You will need to keep the feed to the vacuum motors under the dash. You will also need to keep the feed to the Carbon canister for the Emission system if it is being retained. If you have cruise control that has a vacuum interface, you will also need to keep that. The vacuum lines to the PCV and power brake systems need to be retained. If your distributor has a vacuum advance, you will need to keep the feed for that. If you are retaining the EGR system, you will need to feed that as well. Take careful note as to which accessories run off of throttle plate vacuum and which ones run off of manifold vacuum. As long as you keep items that were hooked to manifold vacuum and throttle plate vacuum hooked to their respective sources, you should be ok.

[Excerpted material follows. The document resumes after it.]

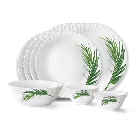 Larah by Borosil Bamboo Leaves Dinner Set, 13 pc

www.fitechefi.com has a technical support page that has some useful setup info. These systems take a lot of work to get peak performance out of them and can be very involved to set up.

Dave
 
The distributor will run off of "throttle plate" or "ported" vacuum. As does the EGR. Pretty much everything else will use manifold vacuum. There should be a decal under the hood which tells what goes to what on the original carb..

The EGR will go through a ported vacuum switch, which sends vacuum to the EGR valve only after the coolant temp gets to a particular low-temp threshold level.

I would think that FiTech tech literature would indicate which vacuum ports on their unit yield ported or manifold vacuum. Power Brake vacuum usually comes from a fitting which screws into a manifold runner itself, although some have a separate port on the back of the carb/FI unit just for that. HVAC vacuum and maybe cruise control vacuum can come from a vacuum tree that can also have the power brake vacuum nipple on it. Sometimes, the cruise control vacuum comes from the power brake booster check valve fitting.

PCV will be hooked to manifold vacuum, as will the carbon canister main vacuum source. It's not as onerous at it might sound if you understand how it all works and what makes it work.

IF you really want to see a vacuum hose "bad movie", look under the hood of a '85 Olds with their 307 V-8. Or a later '60s Ford V-8.